After the five marking phases, all live objects in the Old Generation are marked and now garbage collector is going to reclaim all unused objects by sweeping the Old Generation:

Phase 6: Concurrent Sweep. Performed concurrently with the application, without the need for the stop-the-world pauses. The purpose of the phase is to remove unused objects and to reclaim the space occupied by them for future use.

CMS concurrent sweep

2015-05-26T16:23:08.458-0200: 65.561: [CMS-concurrent-sweep-start] 2015-05-26T16:23:08.485-0200: 65.588: [CMS-concurrent-sweep1: 0.027/0.027 secs2] [[Times: user=0.03 sys=0.00, real=0.03 secs] 3

  1. CMS-concurrent-sweep – Phase of the collection “Concurrent Sweep” in this occasion, sweeping unmarked and thus unused objects to reclaim space.
  2. 0.027/0.027 secs – Duration of the phase, showing elapsed time and wall clock time correspondingly.
  3. [Times: user=0.03 sys=0.00, real=0.03 secs] – “Times” section is less meaningful on concurrent phases, as it is measured from the start of the concurrent marking and includes more than just the work done for the concurrent marking.

Phase 7: Concurrent Reset.

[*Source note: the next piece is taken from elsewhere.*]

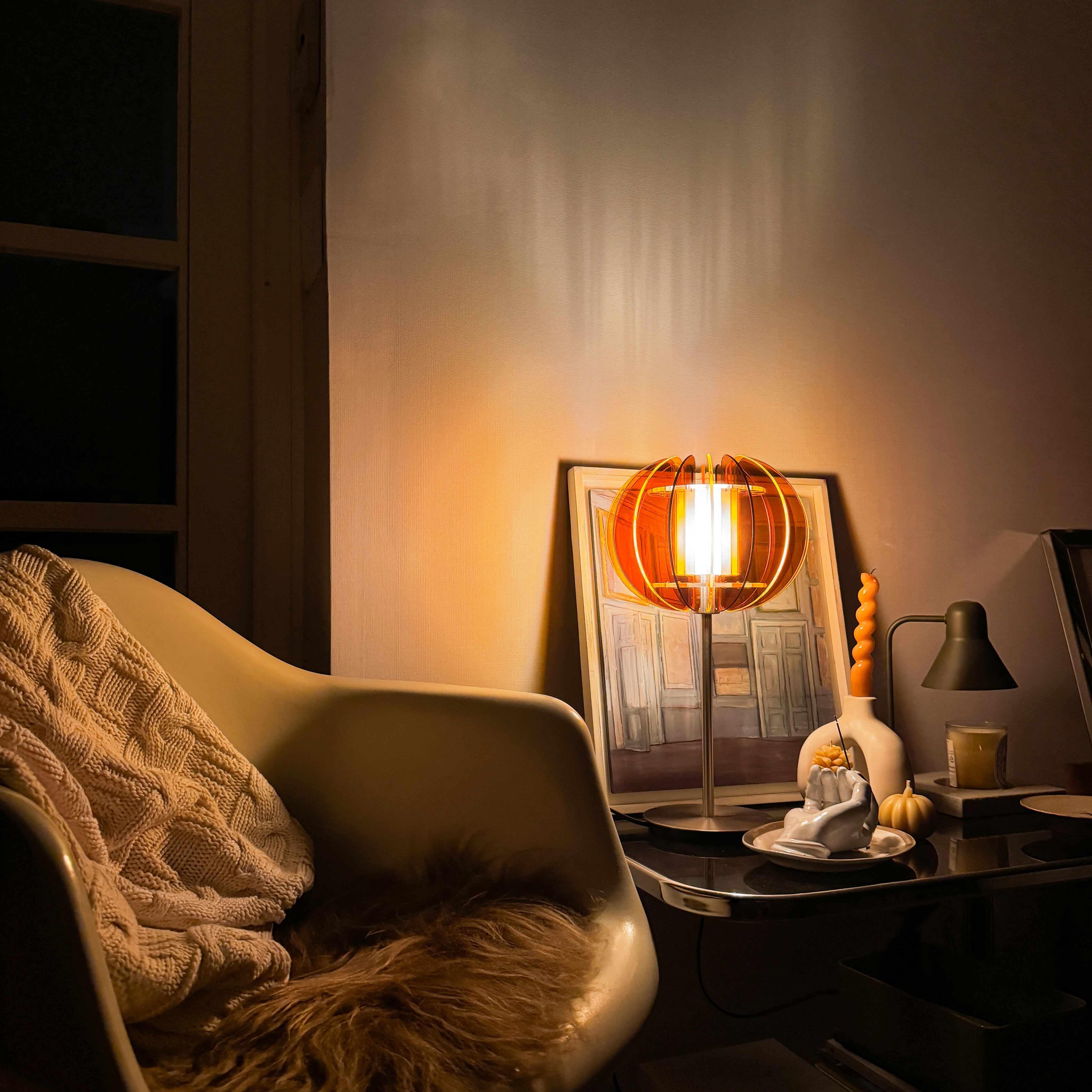 どんな部屋にも溶け込むようにデザインされたこのランプは、居心地の良い隅やオープンシェルフの両方を引き立てる、やわらかく黄金色の光を放ちます。ベッドサイドランプ、読書灯、またはムード照明として最適です。
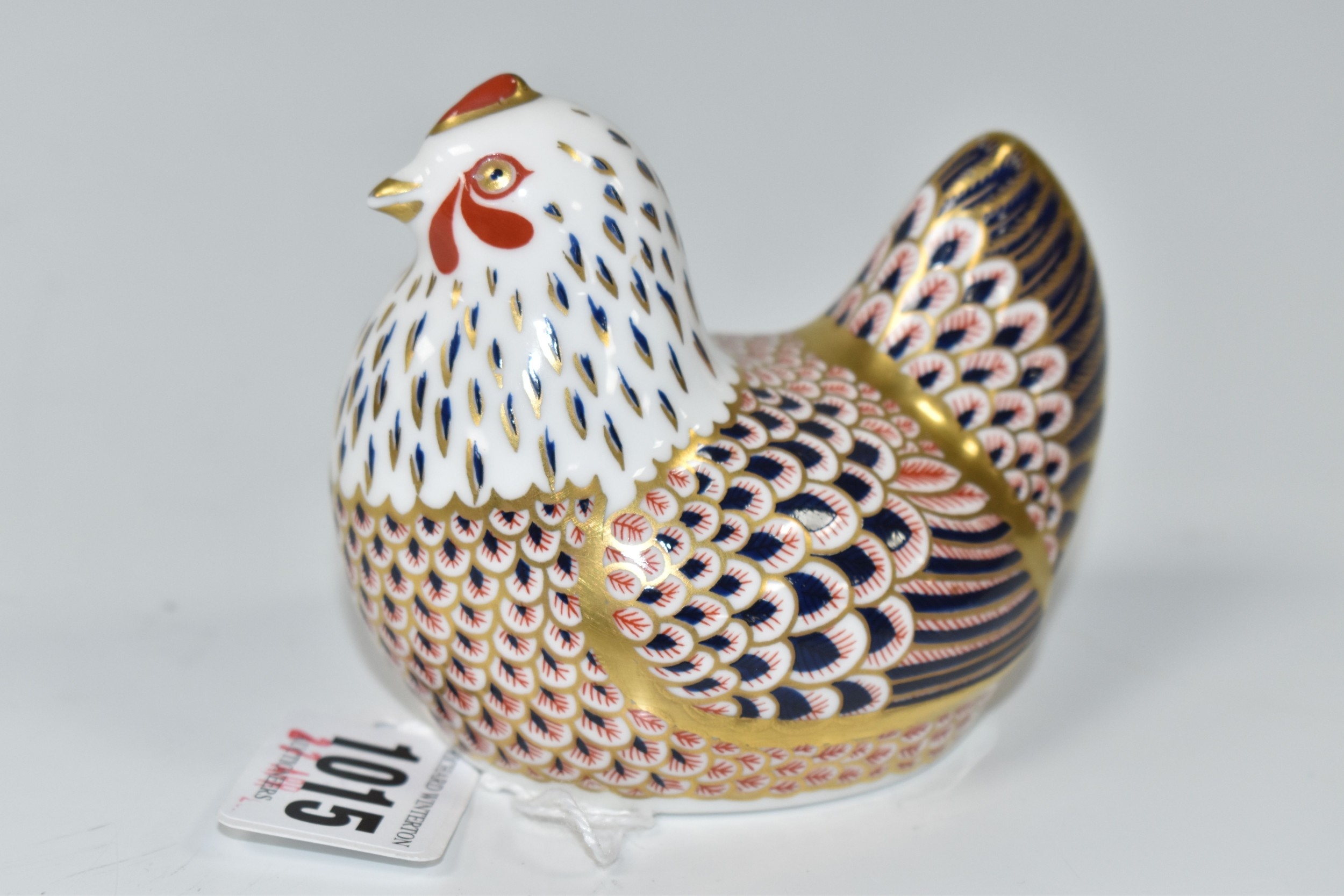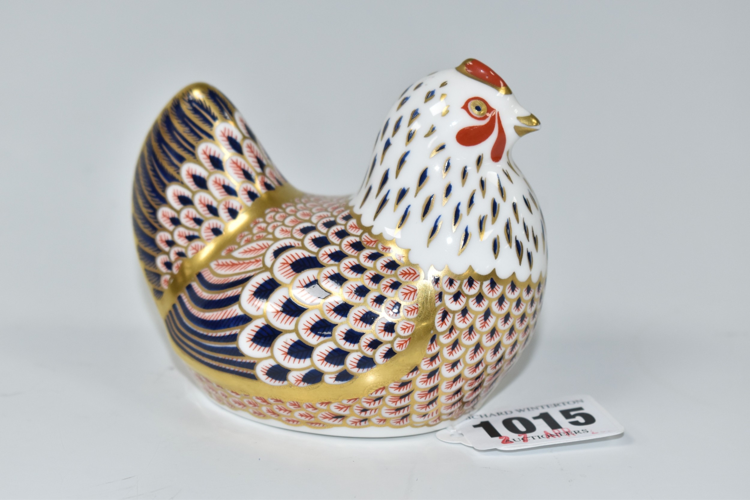 A ROYAL CROWN DERBY 'HEN' PAPERWEIGHT, bearing gold stopper, but this is a second quality piece with scratched through backstamp (1) (Condition Report: appears ok, some printing inconsistencies, tiny scratches, second quality)

Concurrently executed phase, resetting inner data structures of the CMS algorithm and preparing them for the next cycle.

2015-05-26T16:23:08.485-0200: 65.589: [CMS-concurrent-reset-start] 2015-05-26T16:23:08.497-0200: 65.601: [CMS-concurrent-reset1: 0.012/0.012 secs2] [[Times: user=0.01 sys=0.00, real=0.01 secs]3

  1. CMS-concurrent-reset – The phase of the collection – “Concurrent Reset” in this occasion – that is resetting inner data structures of the CMS algorithm and preparing for the next collection.
  2. 0.012/0.012 secs – Duration of the the phase, measuring elapsed and wall clock time respectively.
  3. [Times: user=0.01 sys=0.00, real=0.01 secs] – The “Times” section is less meaningful on concurrent phases, as it is measured from the start of the concurrent marking and includes more than just the work done for the concurrent marking.

All in all, the CMS garbage collector does a great job at reducing the pause durations by offloading a great deal of the work to concurrent threads that do not require the application to stop. However, it, too, has some drawbacks, the most notable of them being the Old Generation fragmentation and the lack of predictability in pause durations in some cases, especially on large heaps.